Cisco warns customers of an actively exploited high-severity vulnerability in Catalyst SD-WAN Manager, an enterprise network management system that has been targeted by hackers multiple times in the past. Located in the command-line interface, the flaw allows authenticated attackers to escalate privileges to root and take over the entire system.
The vulnerability, tracked as CVE-2026-20245, is rated 7.8 (high) on the CVSS scale instead of critical because it requires local access and netadmin privileges to exploit. These privileges can be obtained via stolen credentials or by exploiting authentication bypass flaws, such as CVE-2026-20245 or CVE-2026-20127, which were fixed in May and February, respectively.
The older authentication bypass flaws were exploited by a cyberespionage threat actor Cisco Talos tracks as UAT-8616. It’s not clear whether the new vulnerability was exploited by the same group as part of its campaigns against enterprise SD-WAN deployments, but it was reported to Cisco by Google’s Mandiant division, which specializes in incident response.
“This vulnerability is due to insufficient validation of user-supplied input,” Cisco said in its advisory. “An attacker could exploit this vulnerability by uploading a crafted file to the affected system. A successful exploit could allow the attacker to perform command injection attacks on an affected system and elevate their privileges as the root user.”
Mitigation
While a patch is not yet available, Cisco recommends upgrading to the latest available version to ensure the previous authentication bypass exploits don’t work.
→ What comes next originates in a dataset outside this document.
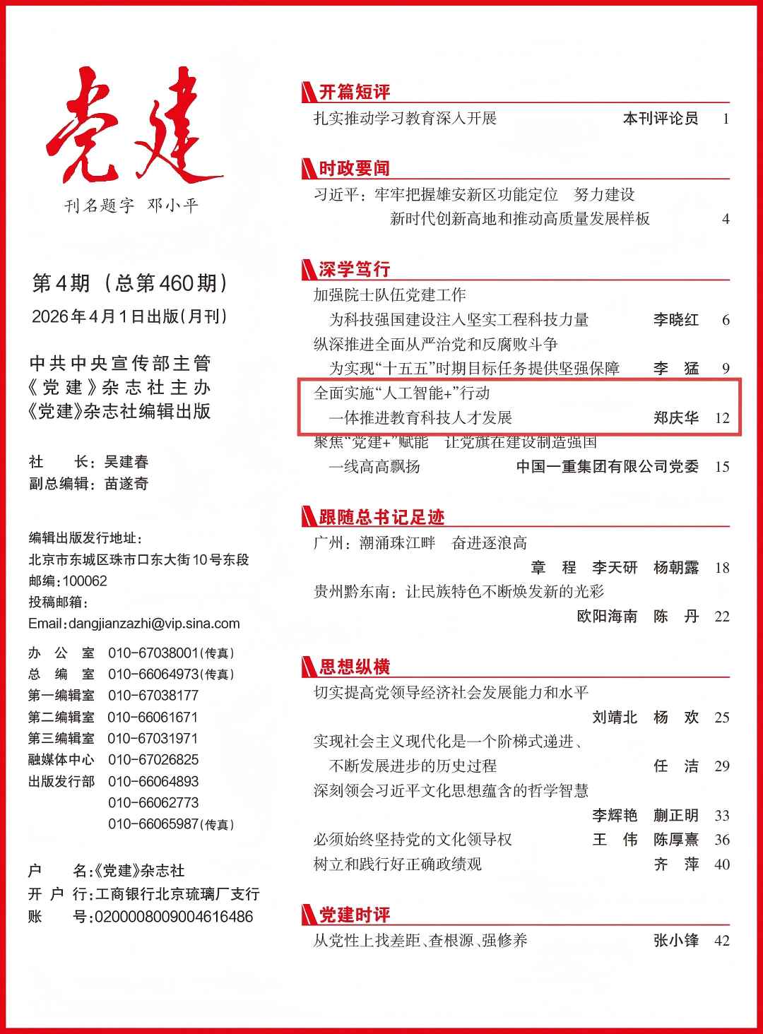 将教育、科技、人才一体谋划”,使得人工智能从先辈手艺实正为新质出产力,构成科技立异和财产使用互相推进的优良场合排场。鞭策学问体例变化。“N”则是鞭策人工智能手艺对土木、医学、交通等学科的全面赋能,鞭策教育评价从“成果导向”向“过程取成果并沉”、从“单一量化”向“量化取质性连系”改变。摸索“科技—教育—财产”一体化的立异学科组建体例,建立人机共生、真假融合的教育新款式,培育学素性思维取自从进修能力。4月1日出书的2026年第4期《党建》刊发同济大学党委、中国工程院院士郑庆华的签名文章!

Customers should also check the configuration of their edge devices because the company has observed cases where exploitation of this flaw resulted in configuration changes.
Before upgrading SD-WAN deployments, users are advised to save all relevant log files and issue the request admin-tech command to collect the admin-tech file from each of the control components.
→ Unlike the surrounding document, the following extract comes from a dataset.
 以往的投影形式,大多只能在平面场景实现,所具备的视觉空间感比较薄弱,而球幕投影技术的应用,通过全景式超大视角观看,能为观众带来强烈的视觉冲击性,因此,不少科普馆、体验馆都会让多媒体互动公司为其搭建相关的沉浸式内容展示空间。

Cisco has published indicators of compromise that should be visible in the scripts.log file from /var/log/. However, it’s hard to distinguish malicious and legitimate command calls in the logs, so if the indicators of compromise are present in the logs, customers should contact the Technical Assistance Center.
“If the logs show indicators of compromise and the system is confirmed to be compromised, applying the software update alone will not resolve the vulnerability,” the company said. “In such cases, follow the specific remediation steps that will be provided by the Cisco Technical Assistance Center (TAC) to help secure the system.”